* EXTRACTED MATERIAL *

--

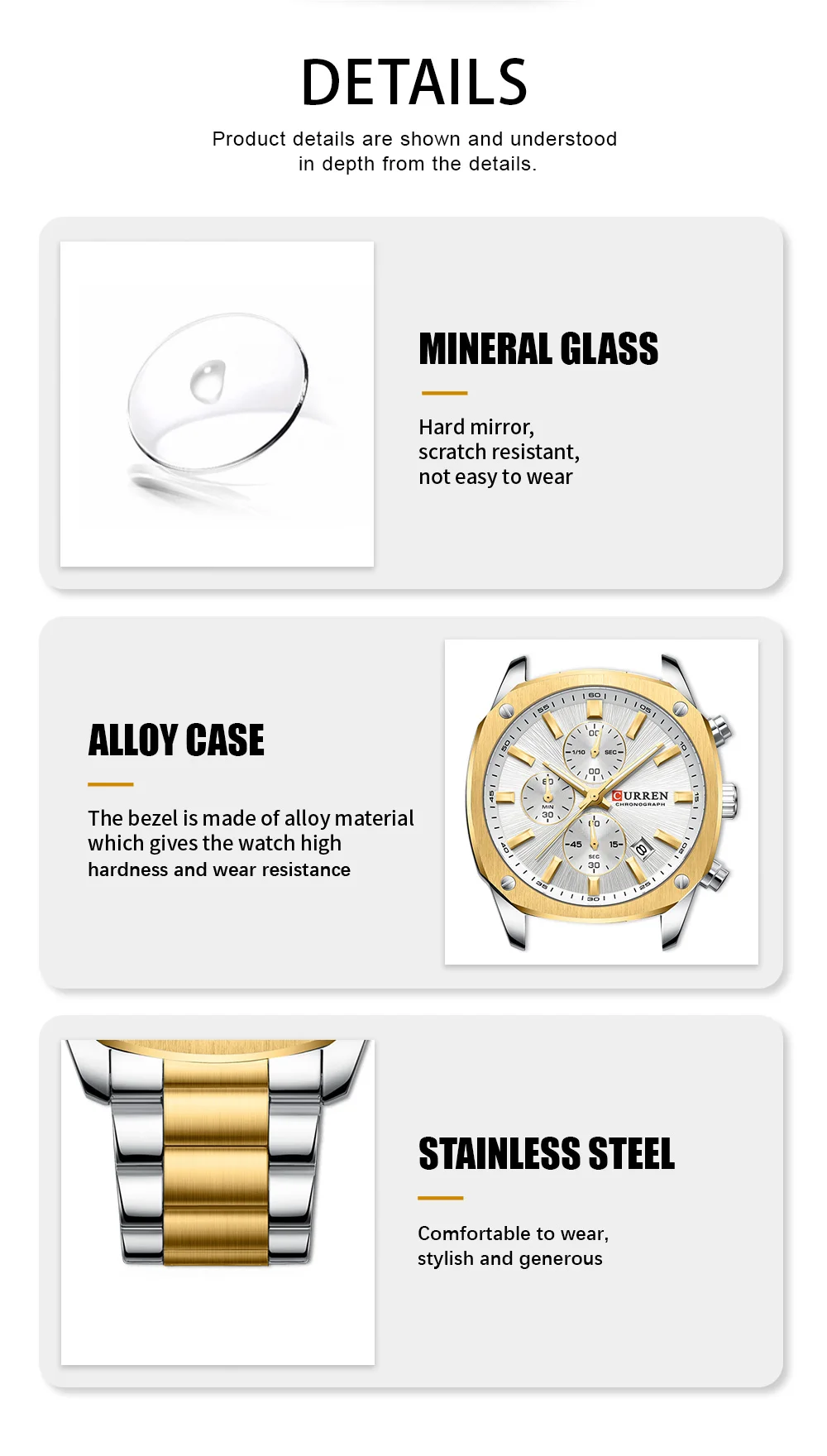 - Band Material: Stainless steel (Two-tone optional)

--

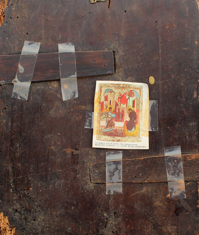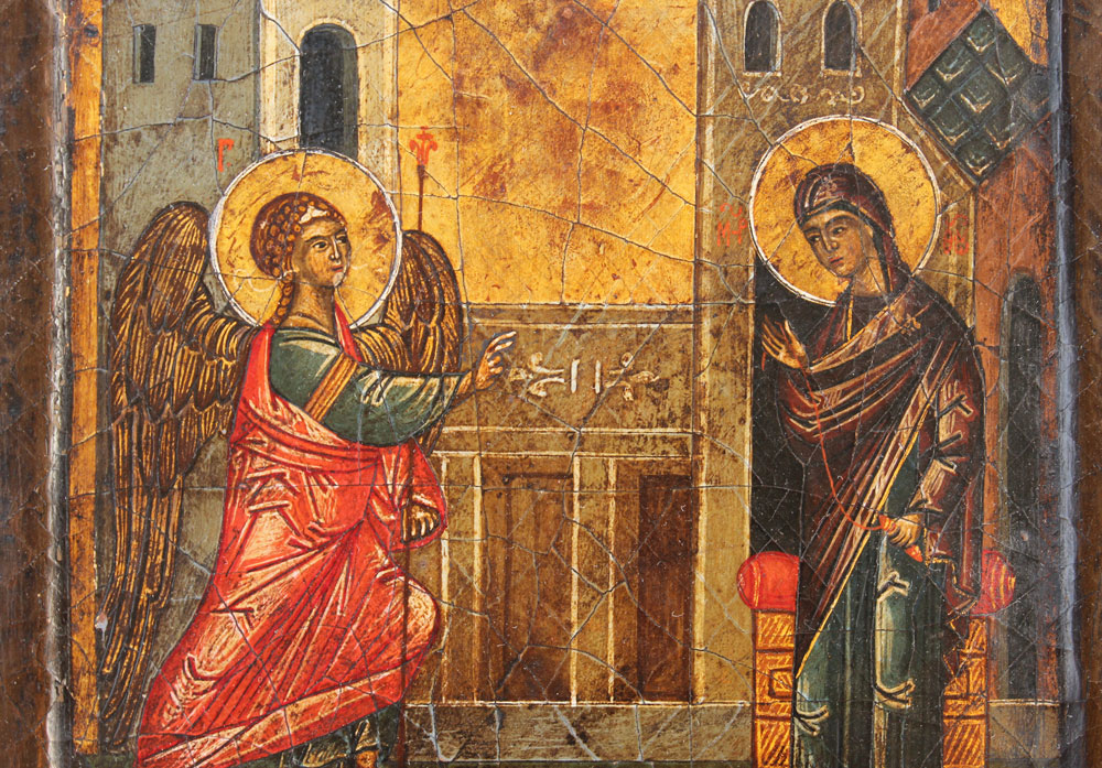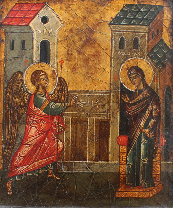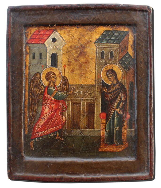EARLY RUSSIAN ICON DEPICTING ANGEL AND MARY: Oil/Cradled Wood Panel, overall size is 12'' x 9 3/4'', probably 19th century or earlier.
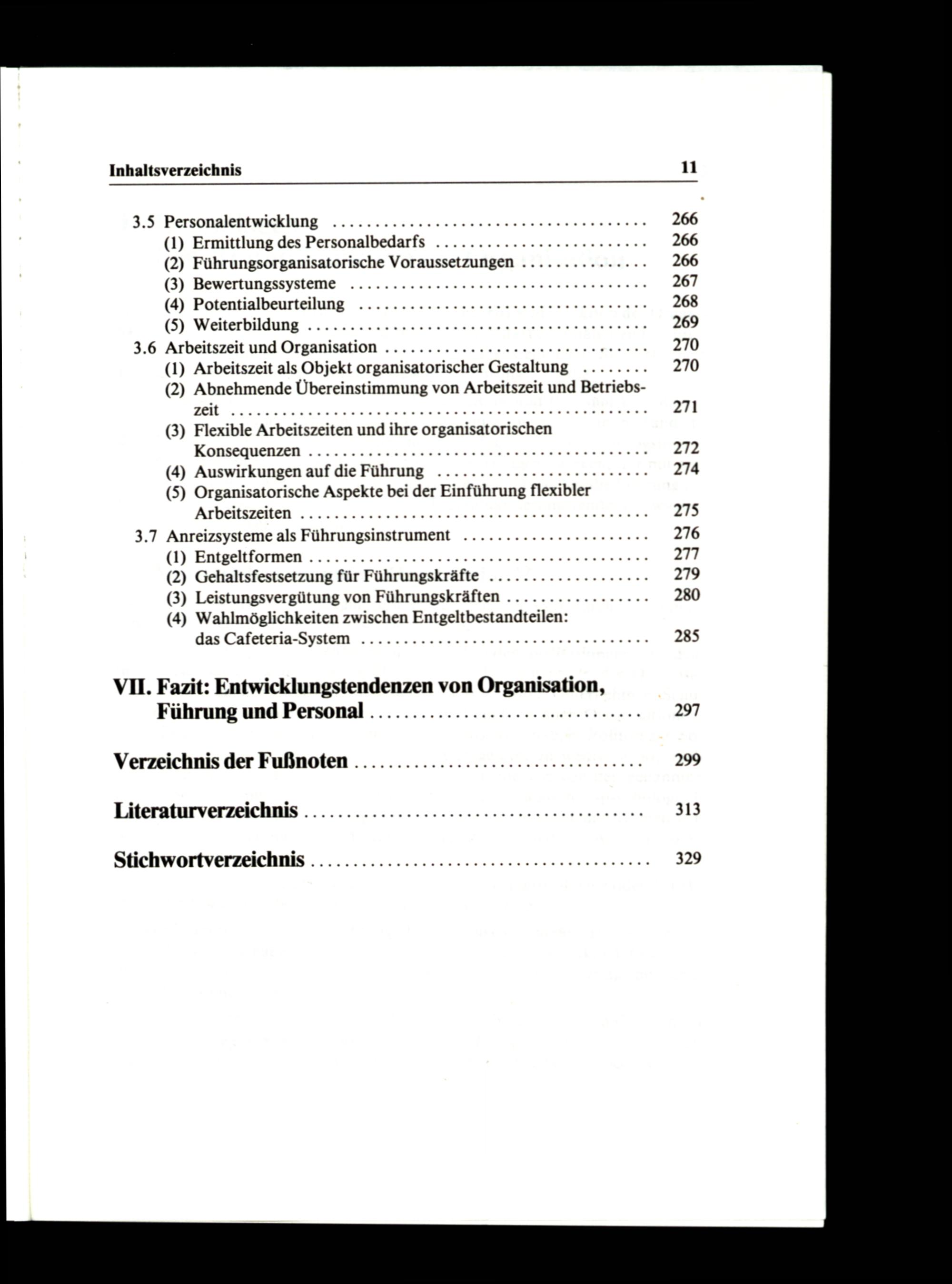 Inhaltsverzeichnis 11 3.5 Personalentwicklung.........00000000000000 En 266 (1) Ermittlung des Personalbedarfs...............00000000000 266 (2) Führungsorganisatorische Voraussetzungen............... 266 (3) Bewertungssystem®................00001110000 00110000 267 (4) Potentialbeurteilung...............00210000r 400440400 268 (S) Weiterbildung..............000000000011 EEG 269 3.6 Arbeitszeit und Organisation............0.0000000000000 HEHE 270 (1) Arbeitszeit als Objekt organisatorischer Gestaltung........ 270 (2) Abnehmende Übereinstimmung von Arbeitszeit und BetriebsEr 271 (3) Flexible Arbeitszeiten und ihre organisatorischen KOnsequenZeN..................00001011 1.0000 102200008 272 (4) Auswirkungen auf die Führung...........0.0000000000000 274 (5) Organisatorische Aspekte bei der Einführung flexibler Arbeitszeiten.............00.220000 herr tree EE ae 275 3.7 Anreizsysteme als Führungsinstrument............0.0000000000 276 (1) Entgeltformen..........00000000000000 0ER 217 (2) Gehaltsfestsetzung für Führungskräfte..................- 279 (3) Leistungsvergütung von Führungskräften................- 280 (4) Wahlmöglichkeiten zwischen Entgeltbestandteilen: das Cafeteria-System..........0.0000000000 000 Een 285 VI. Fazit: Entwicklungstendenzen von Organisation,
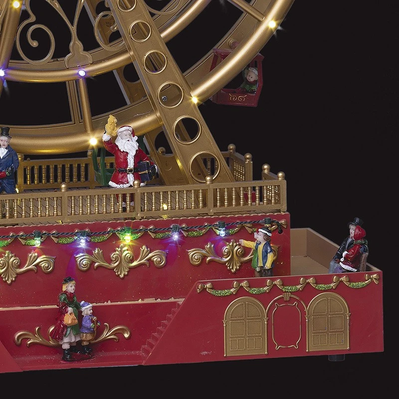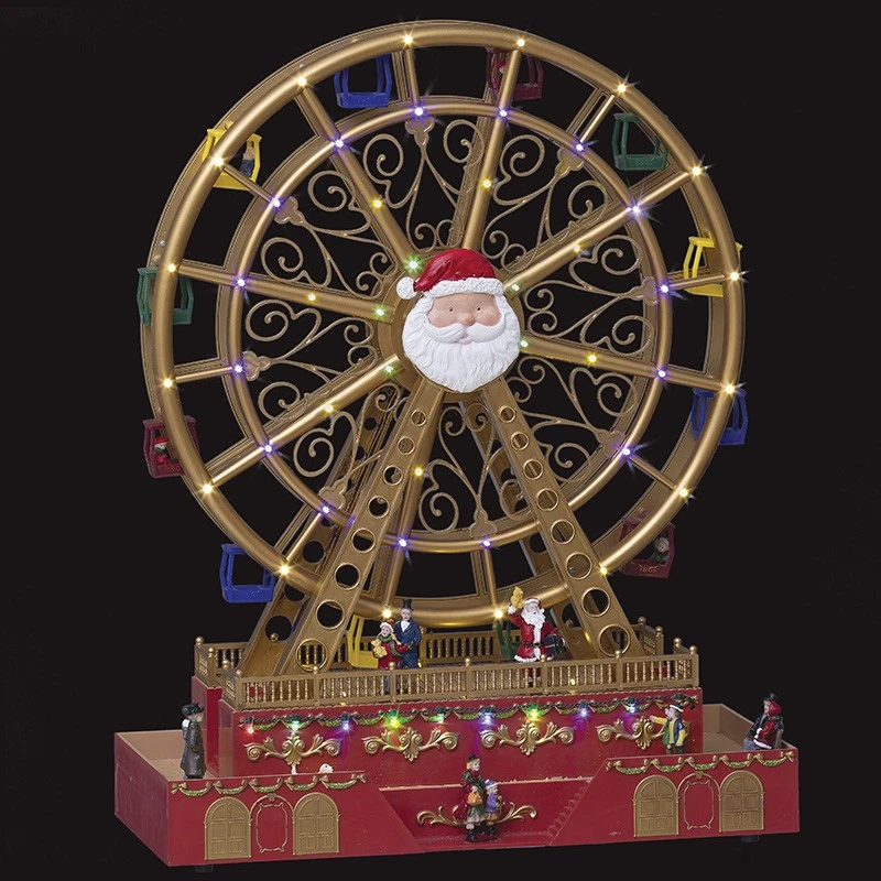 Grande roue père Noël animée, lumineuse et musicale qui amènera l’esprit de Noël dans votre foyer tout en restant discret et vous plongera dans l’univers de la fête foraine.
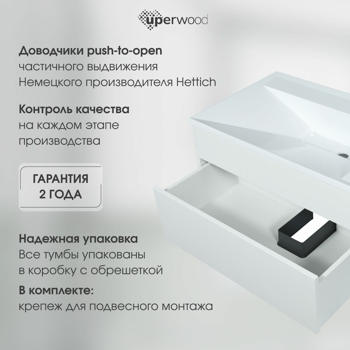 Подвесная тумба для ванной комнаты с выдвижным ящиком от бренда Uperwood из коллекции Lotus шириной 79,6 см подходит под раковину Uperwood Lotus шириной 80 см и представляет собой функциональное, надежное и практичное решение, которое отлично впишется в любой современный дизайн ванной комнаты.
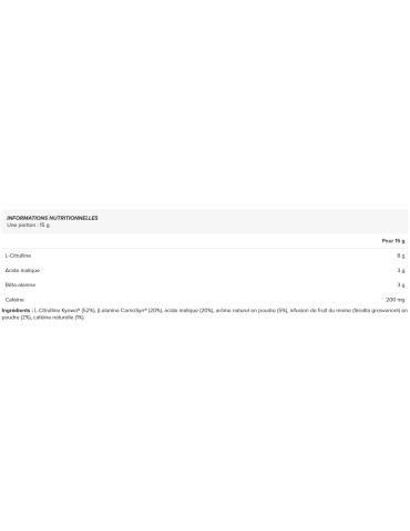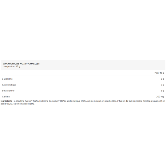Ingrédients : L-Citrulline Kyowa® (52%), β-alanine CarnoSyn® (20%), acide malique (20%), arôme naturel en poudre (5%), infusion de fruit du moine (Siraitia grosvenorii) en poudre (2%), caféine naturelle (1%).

--

* WHAT NEEDS TO BE DONE *
Going by the data above, give back only the lines from the one containing "Grande roue père" through the one containing "Подвесная тумба для", exactly as they stand, both ends included and no images.

* TASK OUTPUT *
 Grande roue père Noël animée, lumineuse et musicale qui amènera l’esprit de Noël dans votre foyer tout en restant discret et vous plongera dans l’univers de la fête foraine.
 Подвесная тумба для ванной комнаты с выдвижным ящиком от бренда Uperwood из коллекции Lotus шириной 79,6 см подходит под раковину Uperwood Lotus шириной 80 см и представляет собой функциональное, надежное и практичное решение, которое отлично впишется в любой современный дизайн ванной комнаты.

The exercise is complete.